こういう時は、地元の人に話を聞くのが一番だ。
「ティーネさ……ティーネ、おはよう」
「うぅ……キモチ悪い。胸の辺りがムカムカする……くっそ~」
こっちの声が聞こえているのか、いないのか。とりあえず、ボクのほうに視線を向けてくれてはいる。目が合ったから、話せる状態だと判断して話を続けてみる。
「あの、ちょっと聞きたいことがあるんだけど……」
「あぁ? 約束の件だろ……うぅ。ちゃんと守るって……あの女もメンバーとして認め……うっぷ」
「えっと、大丈夫?」
背中をさすろうとしたけど、ティーネは手を突き出した拒んだ。だから、ボクも一歩引いて、話を続ける。
「いや、ミリアのことじゃなくて。どこか、静かな場所ってないかな、この街に。できれば、誰にも声を聞かれないで済むところがいいんだけど」
ボクの質問に、ティーネは顔をあげる。二日酔いの苦しさと、ボクの質問に対する訝しさが同居した、何とも言えない表情をしている。
だが、ティーネの視線はすぐ、ボクの後ろへと向けられた。そこに立っているのはミリアである。ティーネは何かを察し、呆れたように言う。

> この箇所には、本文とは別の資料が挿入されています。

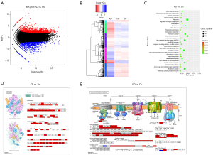 We selected samples from the KD, Dc, and CM groups to perform transcriptome sequencing analysis. The myotubes were harvested and dissolved in Trizol (Thermo Fisher Scientific, Waltham, MA, USA) treatment according to the manufacturer’s protocol to extract total RNA. After quantifying with NanoDrop (Thermo Fisher Scientific, Waltham, MA, USA) and qualifying with Agilent 2100 Bioanalyzer (Agilent Technologies, Palo Alto, CA, USA), the value of RNA integrity number (RIN), which reflects the quality of RNA, was guaranteed >7. One µg RNA was utilized for library preparation. The processes of sequencing and analysis were carried out by GENEWIZ (Suzhou, China), and sequencing was conducted on an Illumina HiSeq instrument (Illumina, San Diego, CA, USA). Raw data were processed by Trimmomatic (v0.30) to guarantee high quality. DESeq (v1.6.3) was used to analyze the differentially expressed genes between two groups (KD vs. Dc; KD vs. CM; Dc vs. CM), based on a model of negative binomial distribution. Enriched genes with a P value <0.05 were identified and assigned to the associated Gene Ontology (GO) terms. Clustering analysis was performed to classify the data by calculating its similarity. This process grouped genes exhibiting similar expression patterns and therefore recognized the function of unknown genes to deduce whether they act in the same metabolic process or pathway. The Kyoto Encyclopedia of Genes and Genomes (KEGG) is a collection of databases dealing with genomes, biological pathways, diseases, drugs, and chemical substances (http://en.wikipedia.org/wiki/KEGG). We used in-house scripts to enrich the significant differentially expressed genes in the KEGG pathways.

「街の大通りを中央広場のほうに……右手に赤い屋根の、武具店が見えたら、横の路地に入る。その先に白い看板……何も書かれてない看板の店があるから。アタシの名前を出せば融通利かせてくれるはずだよ。ついでだから、さっさと金を払うようにって……伝えといて……うっぷ」
「本当に大丈夫? 手を貸したほうが……」
「いいから! この程度で、あたしは……助けなんて。それよりも、アンタ……朝っぱらから、ほどほどにしときな、よ……うぷぶぷっ」
ティーネの顔が一気に色を失っていく。と同時に、彼女はどこかへと走っていってしまった。願わくば、ちゃんと間に合ってくれることを祈る。
「ミリア、出かけよう。ちょうどいい場所があるみたいだから」
「そうなんですか~? シュン様の行くところなら~、どこへでもついていきますよぉ」
まあ、付いてきてもらわないと困るんだけどね。聞きたいことは山ほどあるんだから。